For virus strain GD/12, the TNF-α level of all three experimental groups increased from 2 to 6 dpi, and then returned to normal at 14 dpi (Figure 7E). The TNF-α level of the mAb D7 group at 10 dpi was significantly lower (P < 0.05) than in the other two groups, while the cytokine level did not show much difference in these three groups at the other time points.
For virus strain SD/05, the TNF-α levels in the virus-infected group and mAb D7 group were markedly higher than those of the PBS group from 4 to 14 dpi (Figure 7F). Although the TNF-α level in the mAb D7 group was also significantly higher (P < 0.05) than the PBS group, except at 2 and 10 dpi, the level in the mAb D7 group was significantly lower (P < 0.01) compared with the virus-infected and irrelevant mAb IgG groups at 6 and 14 dpi.
H3N2 CIV is a newly identified avian influenza virus (AIV) subtype that can infect dogs and transmit directly from dog to dog [5,8]. CIV infection has been reported in several countries, including South Korea and China [9,10,37]. It is important to develop a set of measures to prevent and control CIV infection in dogs.
Antibody-mediated passive immunity can provide protection against invading pathogens [38,39]. In this study, we developed seven mAbs against JS/10, whose pathogenicity has been characterized both in mice  and dogs . Among them, four mAbs reacted with HA. The HA glycoprotein is the primary target of antibodies that confer protective immunity to influenza viruses . Therefore, the generation of neutralizing antibodies against antigenic sites on the HA glycoprotein is regarded as a criterion for evaluating immunity to influenza viruses and is believed to constitute the main correlate of protection [42,43]. Anti-HA globular head mAbs have potent neutralizing activity against homologous strains, but have very limited breadth of reactivity because of the high variability of amino-acid changes in the HA1 globular head . HA2, which is the HA stalk, however, is a conserved region of HA among all influenza A virus subtypes [33,45] and is responsible for the fusion of the virus and the endosomal membrane during the entry of the virus into the cell . Here, western blotting showed that MAb D7 recognized the HA2 domain of H3, and had highest neutralization activities. Although MAb D7 lacked HI activity, some previous studies reported that a lack of in vitro HI activity of anti-HA2 MAbs does not rule out protective activity in vivo [33,45]. Therefore, we selected the anti-HA2 MAb D7 for further evaluation in regards to protection against different influenza virus strains.
To investigate the protection of mAb D7 against homologous and heterologous strains of H3N2 influenza viruses, we selected three virus strains to perform the challenge experiment in mice, including two strains of CIV (JS/10 and GD/12) and one strain of swine influenza virus (SIV) (SD/05). Considering that almost all H3N2 CIV isolates reported were not lethal to mice or dogs in challenge experiment [5,8,10,15,40], we evaluated the protection efficacy by body weights, viral loads and histological lesions. Body weight loss is the parameter most commonly used to evaluate influenza viral pathogenicity in mice . Our study shows that all three virus strains could remarkably reduce the growth rate of the mice after infection, while pretreatment with mAb D7 helped to control the declination to some extent. From the pathological point of view, the lung, heart and brain in mAb D7 treated groups showed markedly fewer lesions compared with the virus-infected group and mAb IgG group, with all virus strains. The pathological scores of the lungs in mAb D7 group were lower than those in the virus-infected group and mAb IgG group, suggesting that mAb D7 could mitigate the damage caused by influenza virus. These results suggest that mAb D7 could offer a protective effect against the three virus strains.

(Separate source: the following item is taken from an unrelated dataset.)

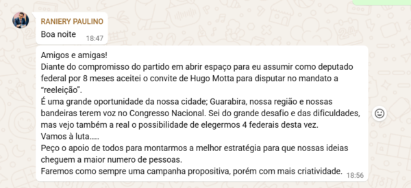 Em comunicado feito em um grupo de WhatsApp fechado, Raniery Paulino disse ter aceitado o convite do presidente estadual do Republicanos, Hugo Motta, para a disputa da eleição de deputado federal.
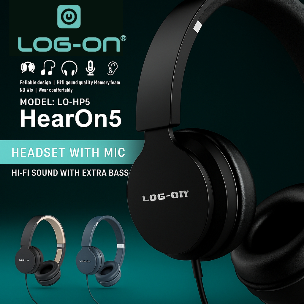 Headphone Bando Log On HP05 Musik HIFI With Mic Foldable Gaming HF Earphone 1 Tahun Garansi

To further evaluate the effects of the anti-influenza virus mAb, we monitored viral loads by real-time PCR. The mAb D7 decreased the viral loads in the lungs to significantly lower levels, relative to those in the virus-infected group and mAb IgG group. Similar results were also found in other tissues. For JS/10, the virus in the brain and other organs of all three mice treated with mAb D7 had been cleared by 10 dpi, except for the lungs. For virus GD/12, the application of mAb D7 caused virus clearance from the intestine and feces 4 days earlier than that in the other two groups; moreover, there was no detectable virus RNA at 14 dpi. For virus SD/05, a slower rate of clearance of viral load was observed. This virus could persist and be detected in most tissues in the mAb D7 group until 14 dpi, but virus in the intestine and feces had been cleared by 14 dpi. These results indicate that protection against the virus strains provided by mAb D7 might be caused by earlier clearance of the virus from the tissues or shortening the time of virus shedding. A previous study has reported that mAbs could reduce the period of virus clearance .
Our study indicates that mAb D7 could provide good protection against challenge with homologous, as well as heterologous, virus strains of H3N2 influenza virus. This finding was in accordance with a previous report  that HA2 mAbs are highly cross-reactive among strains of the same subtype, and even within different subtypes. In spite of this, we found that this mAb was relatively less effective against the swine-lineage than canine-lineage H3 virus strains. Sequence analysis of amino acids showed that JS/10 had higher sequence identity to canine-lineage GD/12 (98.6%) than to swine-lineage SD/05 (84.8%), with 3 and 16 different amino acids, respectively, in HA2 (data not shown). The difference in amino acid sequence may affect antigen-antibody recognition. This may explain why the mAb induced by canine-lineage influenza virus strain JS/10 is not strong enough to react against more distantly related strains within the same subtype.
Cytokines are important in establishing an innate immune response, as well as in determining the magnitude of the inflammatory response to influenza virus infection. The most important feature of the mechanism of immune suppression with influenza virus H5N1 is the cytokine storm [11,48]. Here, to gain a better understanding of how virus infection and mAb treatment affected host immune response, we analyzed the levels of IFN-γ and TNF-α in the lung.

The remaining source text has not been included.